En attendant, ils ont été invités à participer à la visite officielle des locaux, organisée ce lundi 1er février. Un premier aperçu donc, histoire de les faire patienter quelques mois. Et c'est avec une grande curiosité, les yeux sans cesse en mouvement, qu'une partie des dix professionnels a découvert l'intérieur de ce bâtiment en R+1 d'une surface d'environ 600 m2, économe et sobre en ressources construit en partie avec des matériaux recyclés, en filière courte et équipé de panneaux solaires.

Fabien Teissier est séduit. Installé à Bellegarde depuis 2010, cet ostéopathe âgé de 37 ans a saisi l'occasion présentée sur un plateau par la CCBTA qui a déboursé 1,2 millions d'euros. L'État participe au financement de cette maison médicale à hauteur de 100 000 €. "Je voulais acheter, mais il s'est trouvé que partir sur du locatif était plus intéressant. On me proposait moins cher pour plus grand", explique-t-il. Les cabinets médicaux sont loués 8 euros le m2.

Les professionnels de santé ont visité les locaux encore en travaux de la nouvelle maison de santé de Bellegarde. (Photo : Stéphanie Marin/Objectif Gard)

Comme Fabien Teissier, Aude Azema et Pascale Tibi ont hâte de rejoindre leur cabinet. "On a pu constater que ces locaux sont tout à fait adaptés à nos activités et à l'accueil de notre patientèle", réagit la première, une sage-femme âgée de 36 ans. Un bien rare, selon la seconde, infirmière libérale âgée de 53 ans.
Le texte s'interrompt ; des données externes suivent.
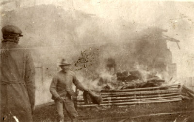 Ovenstående foto er taget ved branden af en ukendt gård. Stråtaget er allerede væk.

"Et puis partager est un plus, ajoute l'ostéopathe. Là, nous sommes tous dans notre coin. Une fois réunis nous pourrons échanger sur le cas des patients, par exemple." Dans le détail, ce sont deux médecins généralistes, deux infirmières, une sophrologue, deux kinésithérapeutes, deux ostéopathes et une sage-femme qui investiront ces lieux. Un cabinet médical double est pour l'heure toujours vacant.
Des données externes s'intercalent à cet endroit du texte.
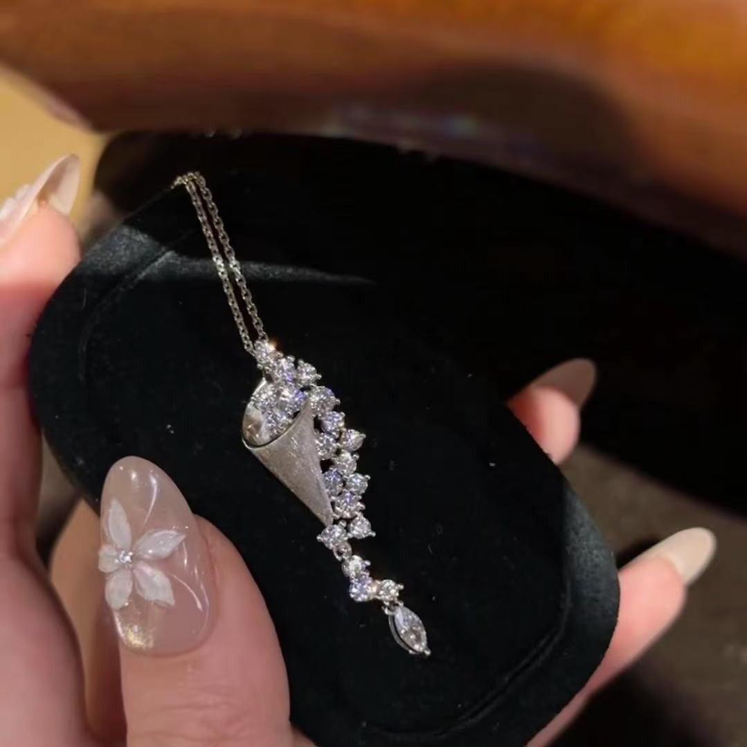Brushed Craft High Carbon Diamond Galaxy Full Diamond Hourglass Necklace French Retro Sparkling Diamond Collarbone Chain Light Luxury Simple Jewelry

Des aides financières pour les étudiants en médecine

Le docteur Xavier Hediard, 47 ans, s'est montré intéressé sans pour autant confirmer son choix. Ce médecin généraliste a quitté la région lyonnaise pour atterrir à Fourques en août 2020. Après avoir travaillé en hôpital et en clinique, il se sent désormais prêt à s'installer. "Mais pas seul. Ce n'est plus vraiment ce que cherchent les médecins, d'ailleurs, qui privilégient les maisons pluridisciplinaires pour le travail en équipe." Ce docteur a rencontré les agents de la CCBTA, "mais il me reste encore à échanger avec mes collègues praticiens, à Bellegarde et à Beaucaire". Car ce projet de maison médicale à Bellegarde s'accompagne d'un dossier similaire à Beaucaire, dans l’ancien bâtiment du Sémaphore, en centre-ville. La CCBTA investit-là 1,8 millions d'euros. La fin des travaux est prévue courant 2021.

Ces projets de maison médicale portés par la CCBTA ont pour objectif de lutter contre la pénurie de médecins sur son territoire. Autre dispositif qui va dans le même sens en incitant les jeunes médecins à s'installer en Terre d'Argence : la mise en place de conventions pour assurer un soutien financier à de jeunes étudiants en médecine soit 800 € par mois, à partir de la sixième année. L'étudiant signataire s’engage en contrepartie à s’installer sur le territoire pendant une durée égale à la perception de l’aide. Trois futurs médecins ont à ce jour adhéré à ce dispositif. Ils pourraient pourquoi pas rejoindre l'une des deux maisons médicales.